Он был тогда молод и полон сил, этот трехгодовалый красавец орангутанговой масти, вооруженный острыми, белыми клыками. Молод был и я. И мне хватило бы, конечно, силы убить или искалечить собаку, осмелившуюся пустить мне кровь. Но, к счастью, не сделал этого, укрепив в своем любимце чувство собственного достоинства, а в себе покорив зверя, который, правда, долго еще выкрикивал грозные ругательства, поглядывая на непокоренного противника, отвечавшего суровым, предупредительным рыком. Дрожь пробегала по лоснящемуся телу ирландца, тяжелый, кровавый мрак теснился во взгляде его глаз, следивших за каждым моим движением. И если я, снова и снова теряя власть над собой, подносил к нему, клокочущему утробным рыком, свою руку, пахнущую йодом, спрашивая: «Кто это сделал?! Как ты посмел?! Ты понимаешь, что ты натворил?!» – он с жестокой горделивостью поднимал голову и, дрожа всем телом, смотрел в сторону, будто не видел моей руки, не видел меня и не слышал моего крика, хотя в мощной его груди рокотали пугающе свирепые, грозные звуки, похожие на отдаленный гром.
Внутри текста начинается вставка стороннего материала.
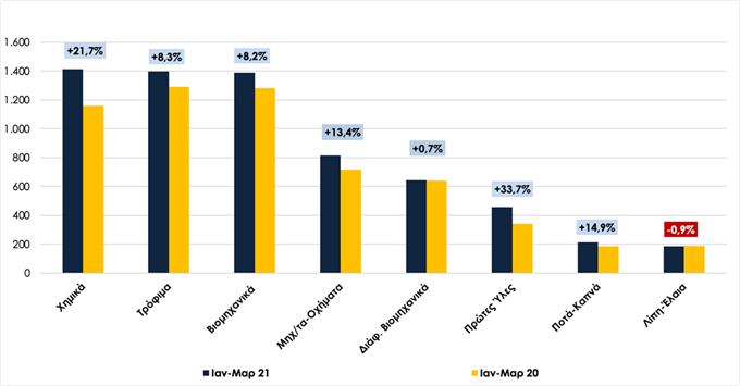 Γράφημα 1. Μεταβολή κυριότερων κλάδων, χωρίς πετρελαιοειδή, Ιανουάριος-Μάρτιος 2020/2021

Ссора наша длилась недолго. Мы простили друг другу обиды, потому что опять наступал месяц май, и я опять, как и в прошлый и позапрошлый годы, мечтал о красном своем Флае, несущемся в волчьем галопе по ярко-зеленому майскому лугу, заставляя себя верить, что не все еще потеряно, что проклятая чума, из которой он с трудом выкарабкался, не убила в нем чутья, охотничьей страсти и резвости, что те нервные припадки, которые случались теперь с ним на бегу, когда он вдруг останавливался, как вкопанный, и начинал задыхаться, закатывая в предсмертной агонии мученически прекрасные глаза, когда воздух с пугающим хрипом вырывался из лиловеющей его пасти, а ходуном ходящие ребра, казалось, готовы были разорвать грудь, – что все эти напасти остались в прошлом и впереди у нас счастливое время натаски, а потом и охоты по первому полю.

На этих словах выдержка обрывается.